Location: sources/ - Organized by language (en/, zh/, ja/, etc.), English further split alphabetically

Key Base Classes:

  • lncrawl/core/crawler.py: Crawler class - extend this to create new source crawlers
    • Required: read_novel_info(), download_chapter_body()
    • Optional: initialize(), login(), search_novel()
  • lncrawl/core/scraper.py: Scraper base - HTTP requests, BeautifulSoup parsing, Cloudflare handling
  • lncrawl/core/taskman.py: TaskManager - ThreadPoolExecutor for concurrent operations

Crawler Registration: lncrawl/services/sources/service.py

  • Crawlers auto-discovered by importing Python files from source directories
  • Each crawler has: __id__, base_url, version metadata
  • Full-text search index for fast source lookup

Server/API

FastAPI Server: lncrawl/server/app.py

  • REST API at /api, frontend at /
  • Endpoints in lncrawl/server/api/: novels, chapters, volumes, jobs, artifacts, auth, libraries

Output Generation

Binder Service: lncrawl/services/binder/

  • epub.py: Native EPUB generation (primary format)
  • calibre.py: Converts EPUB to other formats (MOBI, PDF, DOCX, etc.) via Calibre
  • json.py, text.py: JSON and plain text formats

Data Models

  • lncrawl/models/: Chapter, Volume, Novel, SearchResult, Session
  • lncrawl/dao/: Database access objects (SQLAlchemy/SQLModel)

Services (via AppContext)

lncrawl is structured around a set of services, each responsible for a major piece of application functionality. All core services are accessed via the singleton AppContext (usually as ctx in code). This allows shared, on-demand initialization and simple dependency management throughout the app.

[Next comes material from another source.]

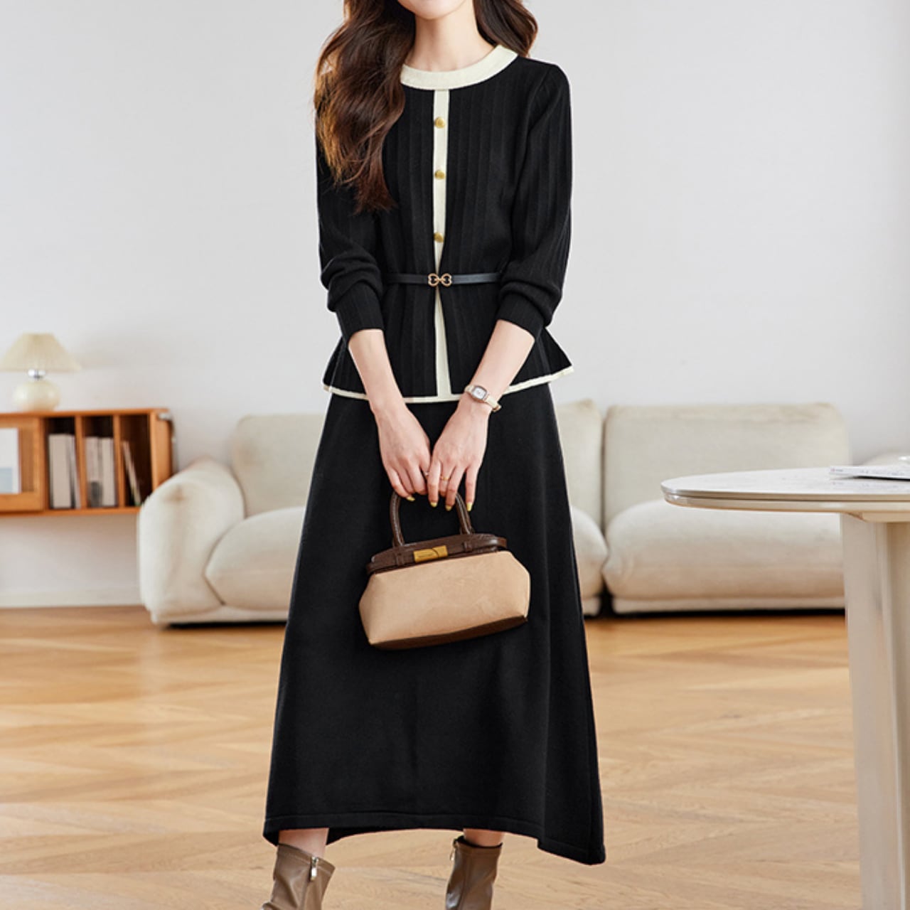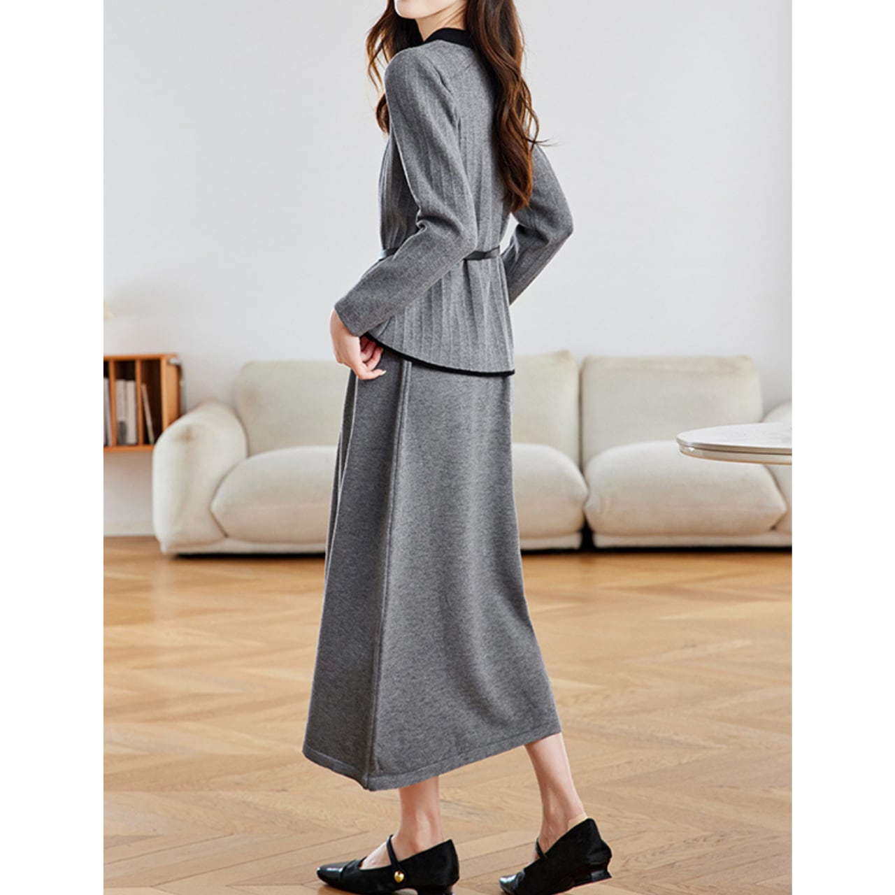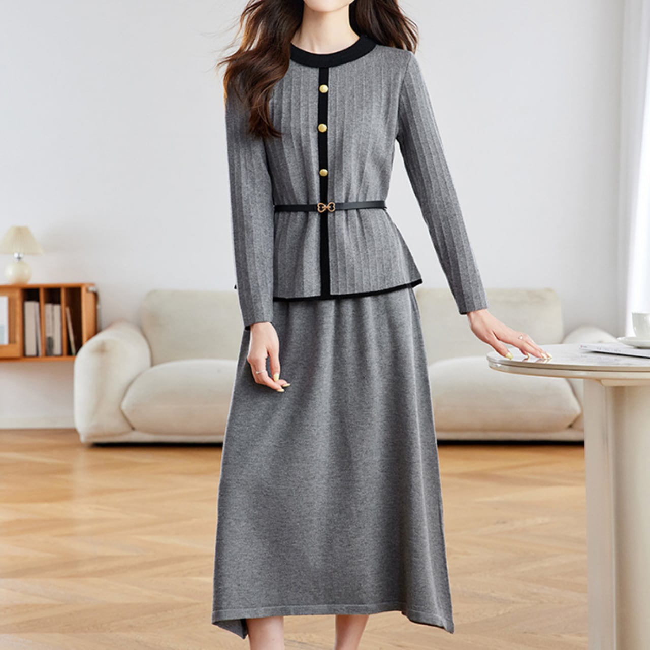 ベルト付きラウンドネックニットトップス&スカート2点セット Me1487

Key services available from the app context:

  • config: Configuration manager (loads and saves user settings, environment variables, CLI flags)
  • db: Database access (SQLModel, manages library, jobs, novels, chapters)
  • http: HTTP client (handles web requests, session, caching, retries, Cloudflare support)
  • sources: Source crawler registry/discovery (loads all available crawlers, search/index)
  • crawler: The currently selected/active crawler instance (handles all scraping logic for a selected source)
  • binder: Output/binding manager (handles EPUB generation, invoking Calibre for conversions, text export)
  • jobs: Background job/task queue (for crawling, downloads, conversions)
  • novels: Novel library management (add/remove novels, metadata)
  • chapters: Chapters manager (fetch/save chapter data)
  • volumes: Volumes manager (volume/chapter grouping, manipulation)

All services are lazily loaded as properties of the context to optimize performance and resource use.

For command-line tools, FastAPI server endpoints, and crawlers, you should always access shared services via ctx for consistency and compatibility.

Creating a New Source Crawler

Full guide: .github/docs/CREATING_CRAWLERS.md

Recommended: Copy sources/_examples/_01_general_soup.py and use GeneralSoupTemplate (lncrawl.templates.soup.general). Implement:

  • Required: parse_title(soup), parse_cover(soup), parse_chapter_list(soup) (yield Chapter/Volume), select_chapter_body(soup) (return the chapter text Tag).
  • Optional: parse_authors(soup), parse_summary(soup), get_novel_soup(), initialize(), login().

For search use _02_searchable_soup.py (SearchableSoupTemplate)

For volumes use _05_with_volume_soup.py or _07_optional_volume_soup.py

For JS-heavy sites use browser examples (_09_17).

Alternative: base Crawler with read_novel_info() and download_chapter_body() via _00_basic.py.

Test: uv run python -m lncrawl -s "URL" --first 3 -f and uv run python -m lncrawl sources list | grep mysite.